Early diagnosis of age-related macular degeneration is very important as it is an eye disease that can cause visual impairment and blindness. One of the main characteristics of the disease is the formation of druses, which cause deformations in the retina between the layers of the retinal pigment epithelium and the Bruch’s membrane. In this article, we proposed a methodology for segmenting the edges of three layers of the human retina; lower limiting membrane, retinal pigment epithelium, and Bruch’s membrane, which are important for the diagnosis of AMD.

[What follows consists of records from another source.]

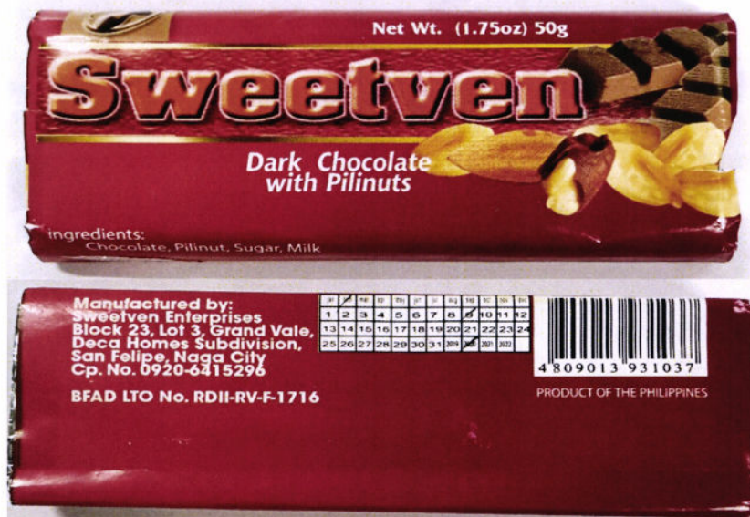
Figure 5. Unregistered SWEETVEN Dark Chocolate with Pilinuts

The FDA verified through post-marketing surveillance that the abovementioned food products are not authorized and the Certificates of Product Registration (CPR) have not been issued. Pursuant to the Republic Act No. 9711, otherwise known as the “Food and Drug Administration Act of 2009”, the manufacture, importation, exportation, sale, offering for sale, distribution, transfer, non-consumer use, promotion, advertising or sponsorship of health products without the proper authorization is prohibited.
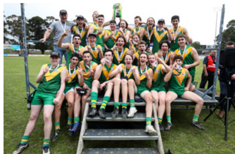
Spotswood defeated Point Cook to win the TIV Under 18 Division 2 Premiership.
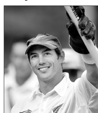
PARORE ... goodbye to cricket

into the Auckland Test and took three catches in the first innings including Andrew Flintoff for number
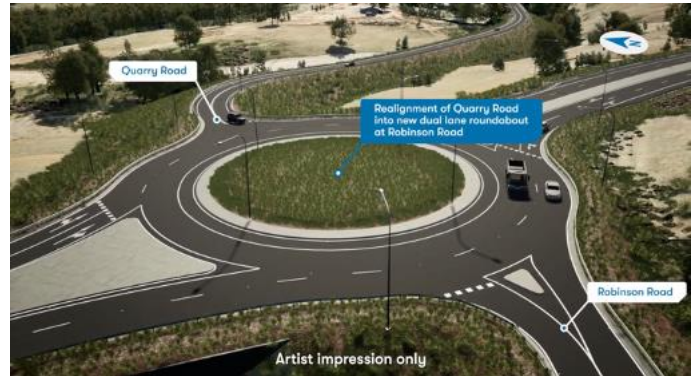
New dual-lane roundabout at the intersection of Victor Harbor Road, and Quarry and Robinson roads

Advance notice of the closure of Quarry Road has been provided to local communities and road users.
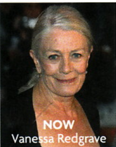
NOW Vanessa Redgrave
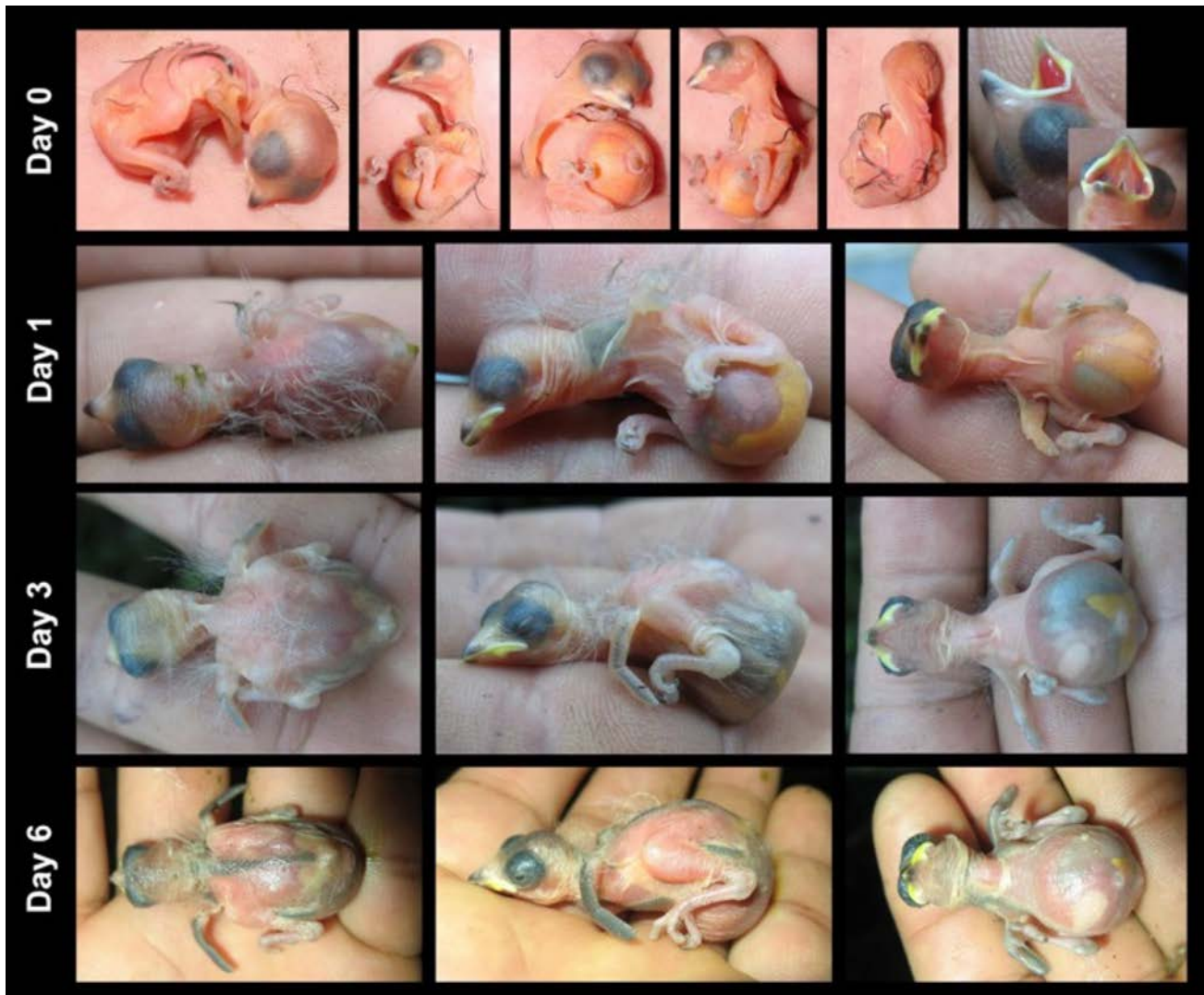
Figure 1. Euphonia xanthogaster brevirostris nestlings 0–6 day old. Hatching-day nestlings were photographed by HFG in mid March 2003 at Yanayacu Biological Station (YBS). The remainder were photographed by JS in February of 2009 at YBS.

seen through the skin. Nails were dusky, as was the distal half of the bill and most of the culmen. Basally, the bill was pink except for the bright white, slightly inflated rictal flanges. The tomia of both, the mandible and maxilla, were also bright white, with the inner margins of the flanges and tomia washed with yellow, most intensely and extensively at the corners of the gape. The mouth lining was red and the egg tooth was small and pale gray, barely contrasting with the dusky tip of the maxilla. Chicks hatched with two rows of widely spaced, wispy tufts of natal down, one on either side of the spine, which extended from the scapular region to the lower back. Three to five tufts of natal down adorned the alar tracts, and several were present at the rear of the capital tract. Once the down had dried and expanded, within several hours of hatching, it was so fine and wispy to be barely visible, making the young nestlings appear nearly naked. During the first day or two after hatching, the skin lost its orangish coloration, becoming dusky pinkish, and the yellow wash on white portions of the bill and gape became more extensive and brighter (Figure 1, row 2).
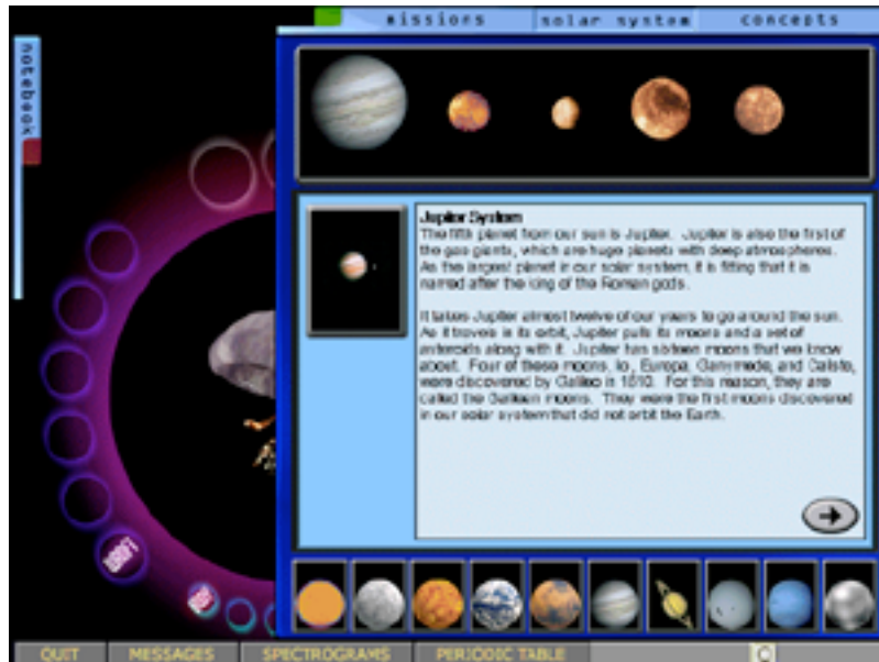
(b) Accessing the Solar System Database while researching in Alien Database
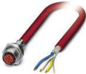
Bus system flush-type socket, CC-Link, 4-pos., M12, SPEEDCON, shielded, rear/screw mounting with Pg9 thread, with 2.0 m bus cable

Please be informed that the data shown in this PDF Document is generated from our Online Catalog. Please find the complete data in the user's documentation. Our General Terms of Use for Downloads are valid ( http://download.phoenixcontact.com )
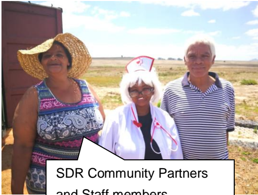
SDR Community Partners and Staff members
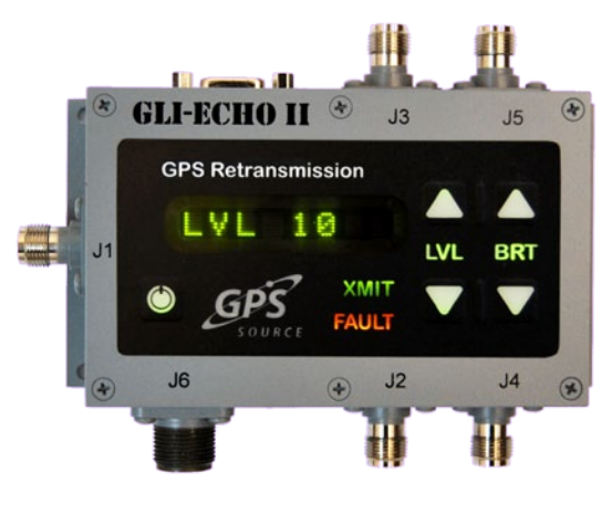
Figure 4. GLI-ECHO II LRU by GPS Source, Inc.

receivers, such as Garmin 60 or DAGR, no longer require RF cable connection to function and receive a live GPS signal. This added capability enables soldiers to eliminate cables and splitters from their vehicle's RF signal distribution system making for a lighter and more optimized vehicle setup. The system eliminates TTFF when a squad dismounts from the vehicle to perform a mission on foot. This becomes significant during assault operations, especially at night, when quick positional updates are important. Most importantly, it eliminates the need for a team leader to open a door to achieve GPS lock, drastically reducing survivability and increasing the deadly effects of IEDs and sniper fire, as shown in Figure 1.
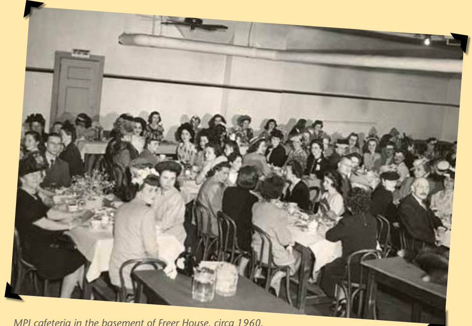
MPI cafeteria in the basement of Freer House, circa 1960.
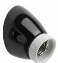
Wall socket THPG MINIMAL porcelain black, with white shade holder

Bevelled three-piece porcelain socket with shade holder. Max. Ø 75 mm. Projection 85 mm. Weight 200 g. Product code 152651
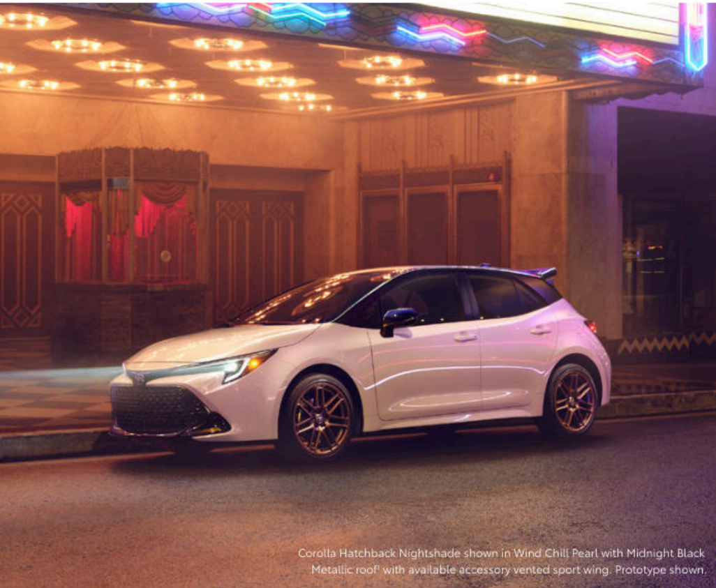
Corolla Hatchback Nightshade shown in Wind Chill Pearl with Midnight Black Metallic roof* with available accessory vented sport wing. Prototype shown.
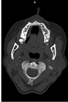
Fig. 2: Computed tomography-PNS showing the lesion over left postero lateral surface of hard palate

For confirmatory diagnosis, incisional biopsy was done which revealed the lesion to be a pleomorphic adenoma of hard palate. Under all routine preoperative investigations, surgical excision of the lesion was planned under general anaesthesia, the lesion is surgically excised with ligation of greater palatine neurovascular bundle, along with the excision of overlying normal mucosa to prevent recurrence in other minor salivary glands of that particular site (Fig. 3), followed by placement of zinc oxide Eugenol pack with an acrylic plate secured with wires to the tooth which was removed after a week and the wound was allowed to heal secondarily (Fig. 4, 5). Histopathology of the specimen confirmed the lesion to be a pleomorphic adenoma. Histopathological section showed myoepithelial cells with hyperchromatic nuclei arranged in acinar, ductal and trabeculae pattern. Connective tissue showing mucoid and myxoid material and extravagated Rbcs. (Fig. 6). Postoperative healing and possibility of recurrence could not be ruled out as the patient had not turned up for follow up visit after acrylic plate removal on 7 th postoperative day.
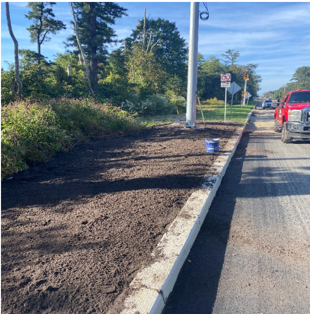
Figure 1: Topsoil near Kearsley Rd
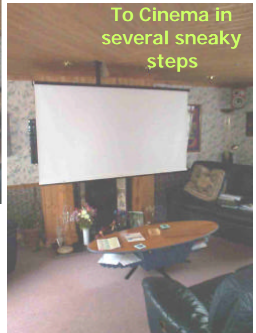
To Cinema in several sneaky steps
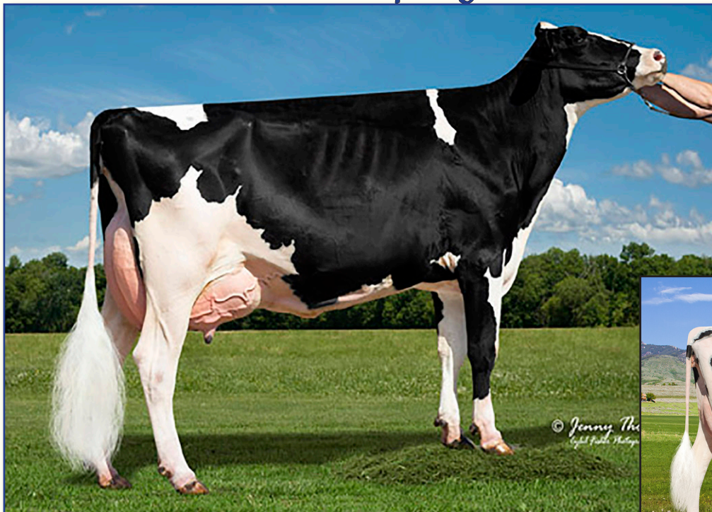
KINGSWAY GOLDWYN ARTICHOKE-ET EX-94 2ND DAM OF LOT 12 All-Illinois 5-Year-Old 2016
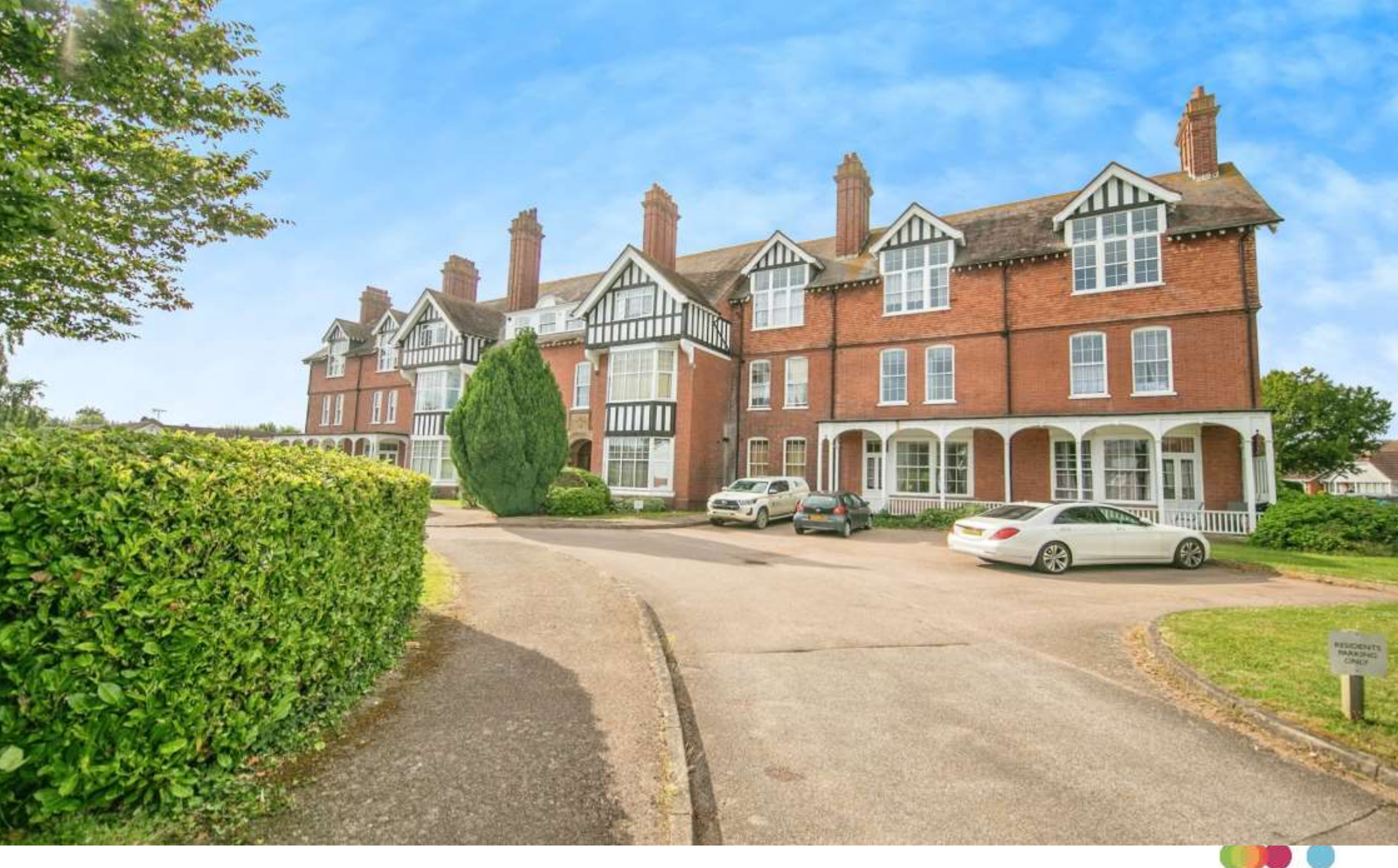
Middlesex Court Lyon Close, Clacton-On-Sea CO15 6EF
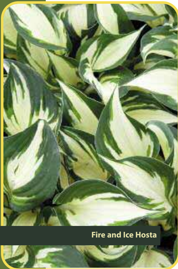
Fire and Ice Hosta
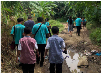
Community Evangelism at Barangay Wawa
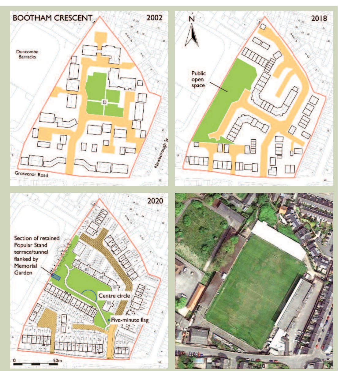
Above: Iterations of a bousing scheme. In the 2002 layout, the Public Open Space (POS) was roughly centred on the football pitch but the development's shape and orientation failed to respect the stadium's plan form. In the 2018 scheme (prior to Historic England's involvement), orientation was improved with the POS shifted to the west, probably anticipating plans to link up with a proposed redevelopment on the adjacent site. The final scheme, following consultation with Historic England, was the one that won planning approval in 2020. The concept was now to provide a central built form, with town houses and apartments framing a central POS with gaps between, giving the feel of a "stadium nestled between terraced housing". The POS contains the retained terrace/tunnel and adjacent Memorial Garden, centre circle and five-minute flag. In an earlier version it was suggested that the Memorial Garden occupy the centre circle but this was changed so as to provide a more discreet location for remembrance. A further recommendation by Historic England saw the central built form aligned to the west boundary wall to respect the stadium's orientation. The Club and Persimmon Homes bave submitted a request to the local authority to name the road, cycleway and apartment blocks after former York City players, including David Longhurst Way (the author would like to put in a cheeky bid for Club legend Arthur Bottom)

Right: A tunnel under the rear of the Popular Stand allowed rival fans to switch ends at half time
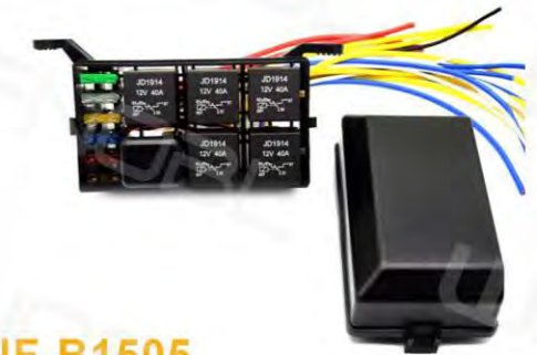
WNF-B1505 5-Way Relay Fuse Box

Input: DC 12-24V Current: 40A-80A Fusing speed: F
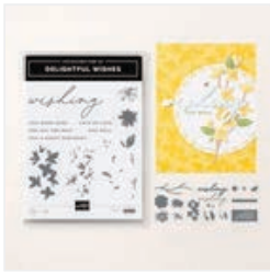
Delightful Wishes Bundle (English) - 164710

Tami White tami@stampwithtami.com www.stampwithtami.com
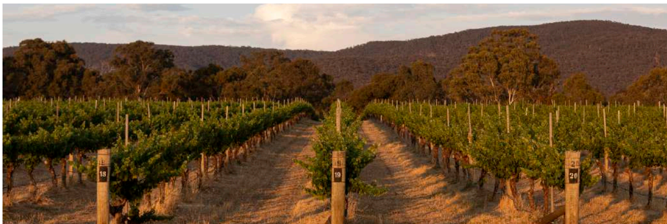
• Vineyards at the foothills of the Pyrenees
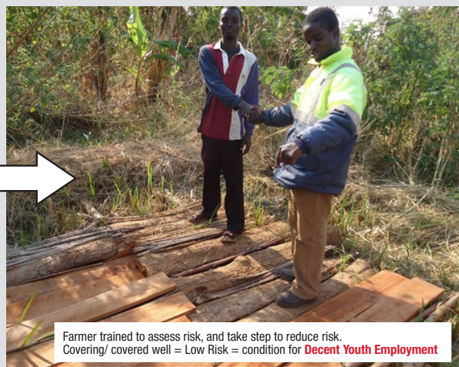
Farmer trained to assess risk, and take step to reduce risk. Covering/ covered well = Low Risk = condition for Decent Youth Employment
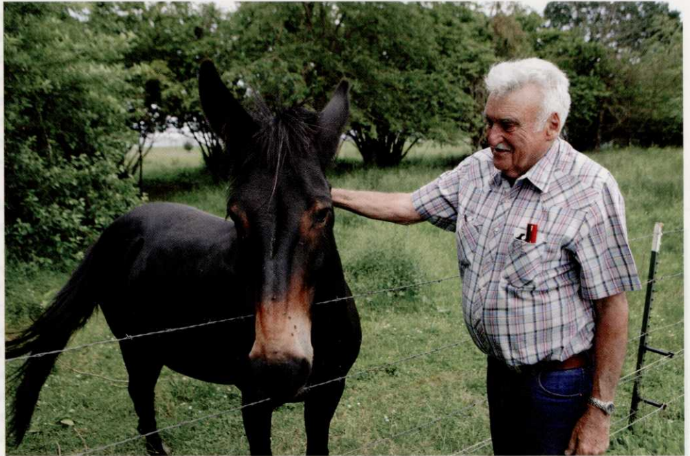
Rose was a strong factor in the development of Penncross Bentgrass, which was often the wall-to-wall turf choice for growing courses at the time.
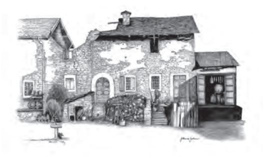
Paesano Tours Art + walks + Culture
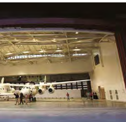
Clockwise from top left: A SpaceX launch UK spaceport locations WhiteKnightTwo carrier aircraft, VMS Eve and SpaceShipTwo in hangar at Spaceport America Virgin Galactic Spaceship Two
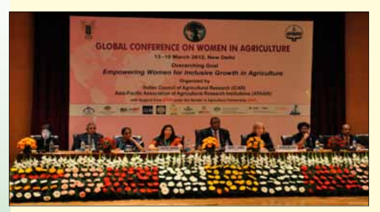
A Plenery Session in Progress

The overarching goal of the Conference was Empowering Women for Inclusive Growth in Agriculture. The Conference objectives were: i) to discuss and deliberate the prevailing and emerging gender issues in agriculture, ii) to take stock of evidence on experiences in enhancing role of women in agriculture, iii) to understand the mechanisms and approaches adopted by various organizations and countries, and iv) to ensure that policy initiatives are gender sensitive and there is a Framework for Action
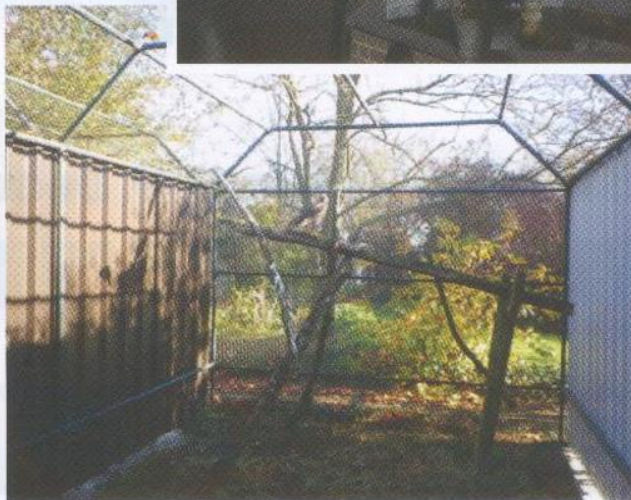
△Buzzard in an aviary practising flight.

the public to prevent unnecessary disturbance to the residents. If you do happen to come across a

The proposed method has four steps, pre-processing with a bilateral filter that eliminates noise and highlights the edges, two steps to define the area of interest, and a final segmentation step with DexiNed to find each layer’s limits. The experiment results show that our method is robust for healthy retinas and age-related macular degeneration. The statistics for mean absolute errors and standard deviation are better than those found in state of the art for the layers of the retinal pigment epithelium and Bruch membrane. Our method differs from the literature in that it presents a model specialized in segmenting each of the edges, ILM, RPE, and BM.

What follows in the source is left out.